“Forbes has got to be here somewhere," Colonel Arthur Percy said.
"Last time I seen him was on this street with that woman," Bill Hazlett replied, then leaned over to spit tobacco juice. "Ugly bitch. Tits like a goat."
"You see, boys, I told you women are nothing but trouble," Percy said, lecturing the small band of soldiers who walked with him down one of Richmond's most wretched streets.
"You would know, wouldn't you, Colonel?" asked Hazlett, a tall, evil-looking man with a nasty scar under his right cheekbone. He smiled, revealing long, unevenly spaced teeth that resembled fangs. Sergeant's stripes slashed across the arm of his tattered Confederate uniform.
The others laughed and Percy joined in, even though Hazlett’s comments irritated him. Hazlett had a way of making salty remarks that marched right up to the edge of blatant. Most officers would not have tolerated insubordinate talk from a mere sergeant, but Hazlett was family, more or less. He was capable enough as a sergeant, but the real reason he wore stripes was because he was married — badly — to one of Percy's cousins. Twice the poor woman had shown up at the Percys' big house with bruises and a black eye. There might even have been trouble between Percy and Hazlett if the war hadn't broken out.
It was hard to pull rank on your cousin-in-law. Most of the time, Percy tried to treat Hazlett like an equal. The last thing he needed was a feud from back home to haunt them now. Still, he suspected that Hazlett despised him behind his back.
It did not help that Percy's recently ended affair with a prominent general's young wife was still feeding the gossip mills of Richmond. Everyone expected a duel as soon as the hot-headed general returned to the capital. The colonel had a nonchalant attitude toward all the talk. A Yankee bullet or the general's— it was all the same to him.
"Do as I say, but not as I do," Percy added in a fatherly tone when the laughter died away. "A truly wise man — wiser than any of you, at least — learns from the mistakes of others, not his own."
"Hell, Colonel, a wise man would have made damn sure her husband didn't find out," a soldier named John Cook said, and once more the group erupted in laughter.
Percy laughed with them. Even though he was an officer, he had been with these men too long for anything but an easy familiarity. He had even grown up with a few of them. They would all be neighbors again back home, if they survived the war.
Percy was thirty-five years old, sandy haired and blue-eyed. Every inch of his lean, six-foot frame looked the part of Southern hero. He was one of those dashing men the South had a gift for producing: a cavalier at home on horseback, who rode with a sword in one hand and a revolver in the other. He could shoot, he could ride, and he wasn't afraid of anything or anyone — especially not the Yankees who had invaded his homeland.
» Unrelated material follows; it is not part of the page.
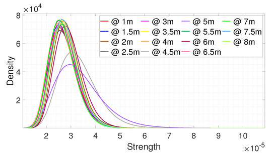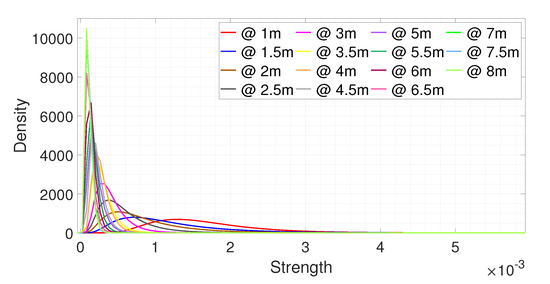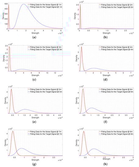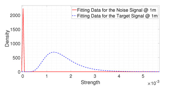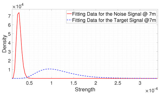 This means that a threshold can be designed to , as has satisfied the target miss-detection rate. We can see that there is a margin between and at the near-region, which means that a new threshold can be designed to further reduce false alarm and miss-detection rates when compared to target values. However, this cannot be done with alone, because we do not know how much the threshold can be adjusted without increasing the miss-detection rate compared with the target value. If we can know the margin between the strength of the signal reflected from a person and the strength of the noise signal, this work becomes possible, since the threshold can be adjusted between and .

Percy didn't like regular soldiering with its "Yes sirs" and "No sirs" and gallant charges into the mouths of cannons. Percy liked playing the fox. Outsmarting Yankees. Beating the odds. His raids behind Yankee lines had made him famous when accounts of his deeds had appeared in newspapers in the North and South. Then his luck began to run out. A Yankee bullet had put him in a Richmond hospital.
It was in the Confederate capital that Percy had met the general's wife. She had been his undoing, a raven-haired, green-eyed beauty too young to be safely left alone while her older and esteemed husband was off leading his troops in Mississippi. The general was a violent and jealous man, and society as a whole did not approve of men who seduced wives while their husbands were away doing their duty and serving the Confederacy.
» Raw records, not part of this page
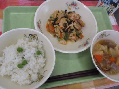 5月20日の給食【1年生:グリンピースのさやむき】
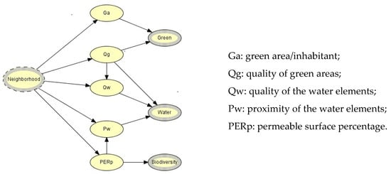 Figure 3 describes the network related to the Natural Elements domain analysis of the Water, Green and Biodiversity nodes. Some inter-parameter links occur in this domain as well. The quality of green areas (Qg) affects the quality of the water elements (Qw), and the percentage of permeable surfaces (PERp) affects the proximity of the water elements (Pw). In both cases, this evidence is explicable on a clear conceptual basis, hence, they have been included in the model.
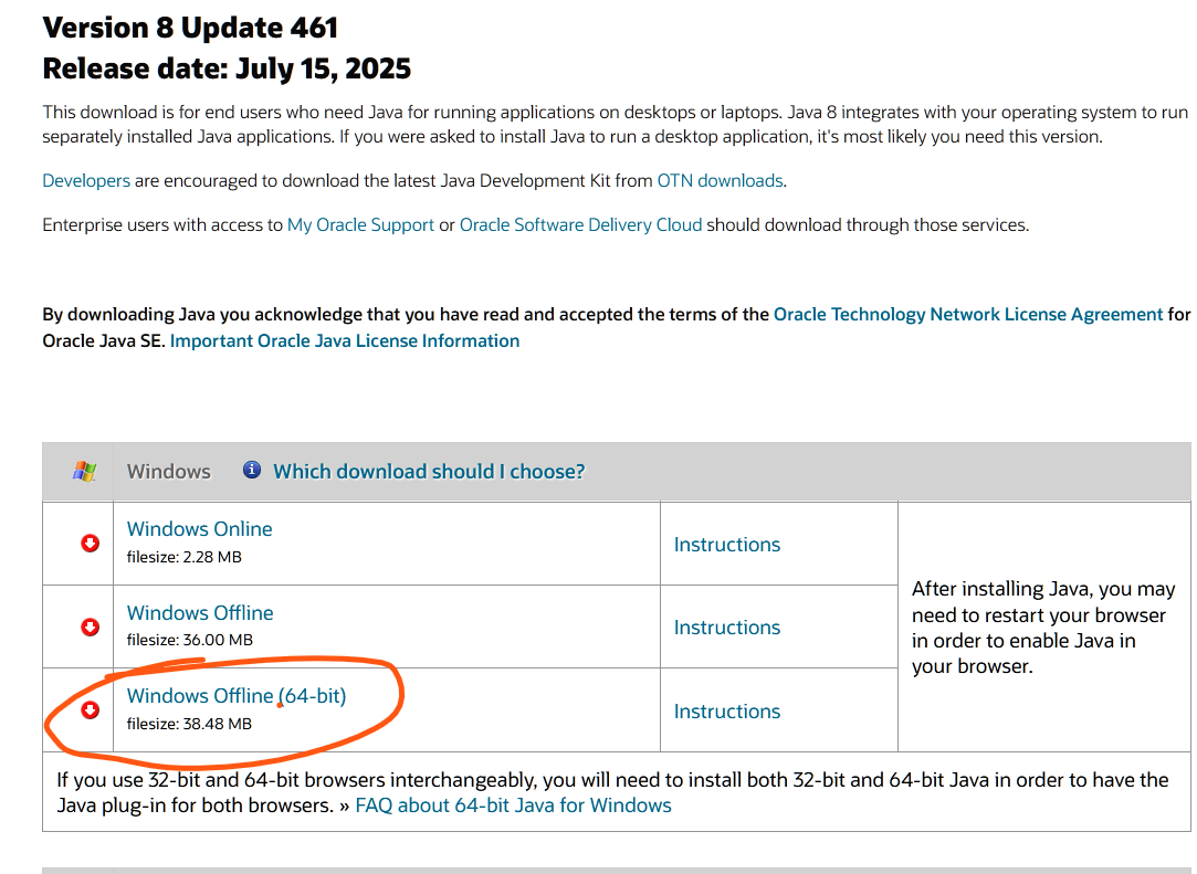 - Under Windows, choose Java 8 (Offline 64-bit) and download the installer.

Percy had already been threatened by several of the general's friends in Richmond, and was almost shot outright by one of them, until his lover had interfered. Percy expected he would have to fight a duel when the general returned to Richmond, and it was a duel Percy might not win because the general was known as a particularly vengeful bastard.
Not that Percy gave a damn either way. What really mattered was that few general officers wanted him in their units after such a scandal, including his old commander, who had already sent Percy a terse note declining his services. Percy waited to be reassigned to some unit, somewhere. Meanwhile, he found there was never a dull moment for a soldier on leave in Richmond.
A few people stared from the doorways as Percy and his ragtag band passed. This was a rough part of the city and any one of the soldiers alone might have been in danger. But the seven together were a tough-looking and battle-hardened bunch, lean as a pack of wolves. Heavy revolvers hung in holsters at their sides, the iron and leather looking worn as a workman's well-used tools.
Five of the men wore threadbare cavalry uniforms, the gray fabric stained with sweat, dirt and blood. Percy's uniform had the golden "chicken guts" braiding of an officer reaching above the elbows of his uniform coat while another man, Silas Cater, wore the less ornate insignia of a lieutenant.
In addition to Lieutenant Cater and Hazlett, there was a tall, whip-thin man named Douglas Pettibone who wore the double stripes of a corporal. John Cook was also a corporal. Private Johnny Benjamin, who was hardly more than a boy, was on furlough after being released from the hospital. Although he wasn't part of their old regiment, some of the other men had taken the boy under wing.
The seventh man in the group wore no weapon or uniform. He was Percy's servant, a huge black man named Hudson. At six feet, four inches tall, he was the biggest member of the group, powerfully built, and his dark, African face answered the stares from the doorways with an open defiance that made even these unsavory Richmond residents look away.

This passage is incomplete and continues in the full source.